Mom's intuition strikes again

Sometimes, mothers just know.
Mothers know things that are things are going to happen even before they happen.  We have extra eyes, extra ears, and some other maternal sixth sense. We can toss good sense and reason out the window in exchange for a gut feeling, and chances are we’ll be happy we did.
Such was the case when my daughter’s friend came jogging up to me.  She said my kid had fallen on her scooter and had asked for me to go to her. I instantly knew something was wrong because, as a rule, our children do not simply lay there if they are hurt.  They are the ones who brush it off and continue to play while the blood cakes in their socks. They are tough.
When I was called for, something had to be different.  I saw my daughter lying there on the ground, holding her hand.  I checked the wound and saw a tiny scrape, and no blood.
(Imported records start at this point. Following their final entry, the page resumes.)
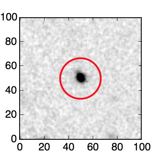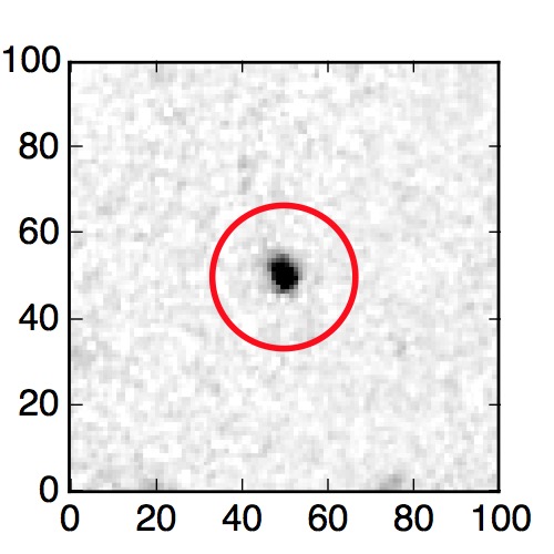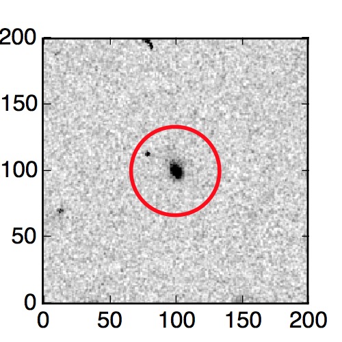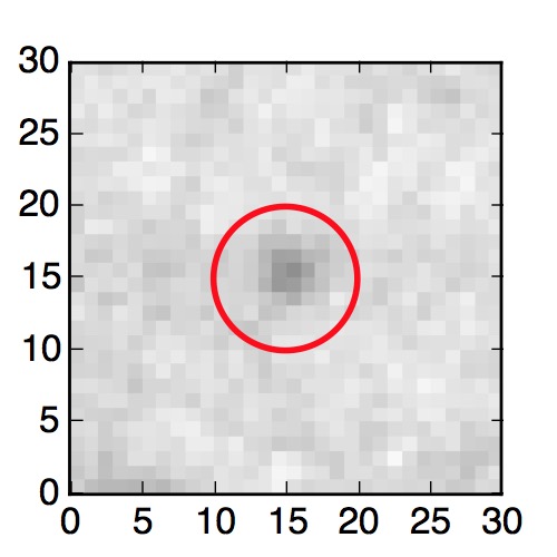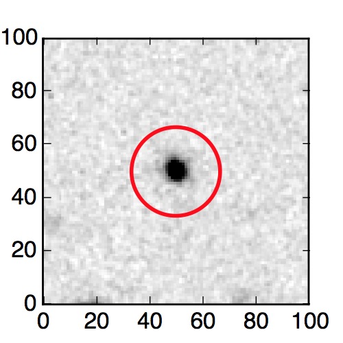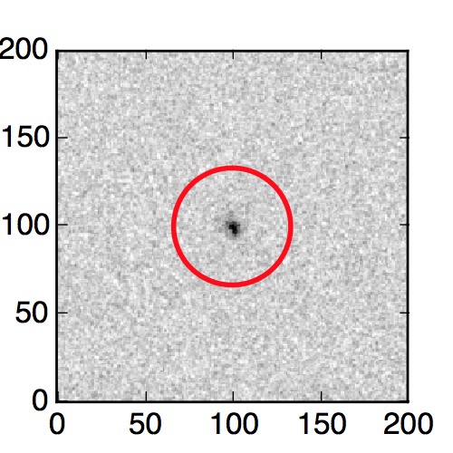 The red circle in the various panels is 1" in radius. The images are 6"x6".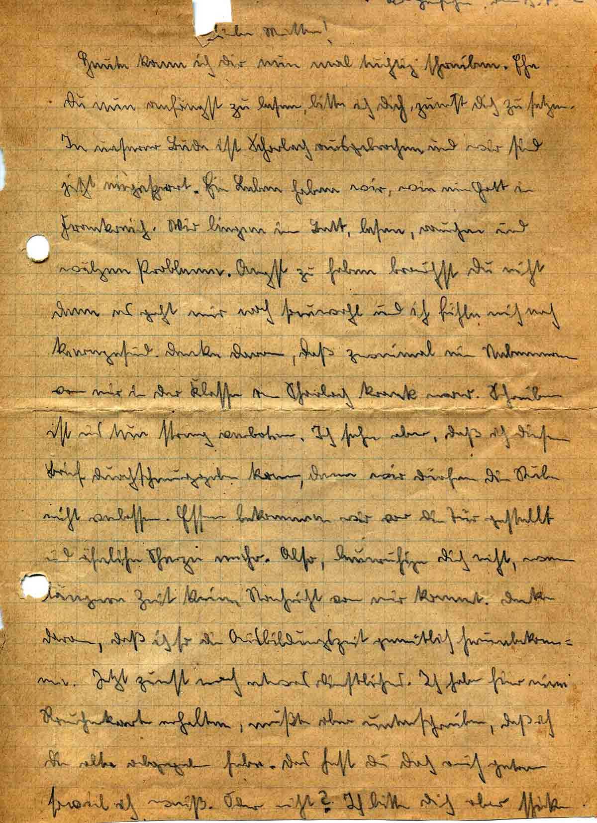 Heute kann ich Dir nun mal tüchtig schreiben. Ehe Du nun anfängst zu lesen, bitte ich Dich, Zuerst Dich zu setzen. In unserer Bude ist Scharlach ausgebrochen und wir sind eingesperrt. Ein Leben haben wir, wie ein Gott in Frankreich. Wir liegen im Bett, lesen, rauchen und wälzen Probleme. Angst zu haben brauchst Du nicht, denn es geht mir noch sauwohl, und ich fühle mich noch kerngesund. Denke daran, daß zweimal ein Nebenmann von mir in der Klasse an Scharlach krank war. Schreiben ist uns nun streng verboten. Ich sehe aber, daß ich diesen Brief durchschmuggeln kann, denn wir dürfen die Stube nicht verlassen. Essen bekommen wir vor die Tür gestellt, und ähnliche Scherze mehr. Also, beunruhige Dich nicht, wenn längere Zeit keine Nachricht von mir kommt. Denke daran, daß ich so die Ausbildungszeit gemütlich herum bekomme. Jetzt zuerst noch etwas Dienstliches. Ich habe hier eine Raucherkarte erhalten, musste aber unterschreiben, daß ich die alte abgegeben habe. Das hast Du doch auch getan, soviel ich weiß. Oder nicht? Ich bitte dich aber, schicke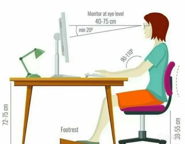 屏幕位置:调整电脑屏幕的高度,使其位于眼睛水平线或略低的位置,这样可以减少头部前倾,减轻颈椎负担。屏幕距离眼睛约50-70厘米为宜,避免眼睛过度疲劳。

Maternal warning sirens started going off in my head—if there was a big cut, I would know why she was so upset. Trying to stay calm and not flip out, I just walked her home and we all sat down for some water and an ice pack. With a comforting voice I asked her questions about how it happened, while I frantically searched things on my phone such as, “child broken bone symptoms” and “fractured arm” under the table so she couldn’t see. I called my husband, the voice of reason, who was of course not home at the time.
“Should I take her in?” I asked, as if his diagnosis from a state away was far better than my own two eyes and the look on her face. “Nah. Probably just a sprain. We’ll see how she’s doing in the morning.” He is usually right, the one in the marriage who doesn’t overthink things. But as we drove my daughter’s friend home, I kept glancing at my child’s eyes in the rear view mirror.  There was no overthinking this one.
The ER doctor called it a fracture even before the x-rays, and I was not at all surprised.  I think I knew the moment I saw her there on the ground next to her scooter. This is certainly not the ideal way to start off a summer when you’re seven years old, but if this old mom uses her intuition, I know she will be just fine. (I fear more for her brother. A hard cast is a built in weapon for sibling rivalry.)
Kids will always be kids, no matter how we try to bubble wrap them.  And moms will always be moms, seeing and knowing and calming and feeling.


Originally written/published 5/17/15.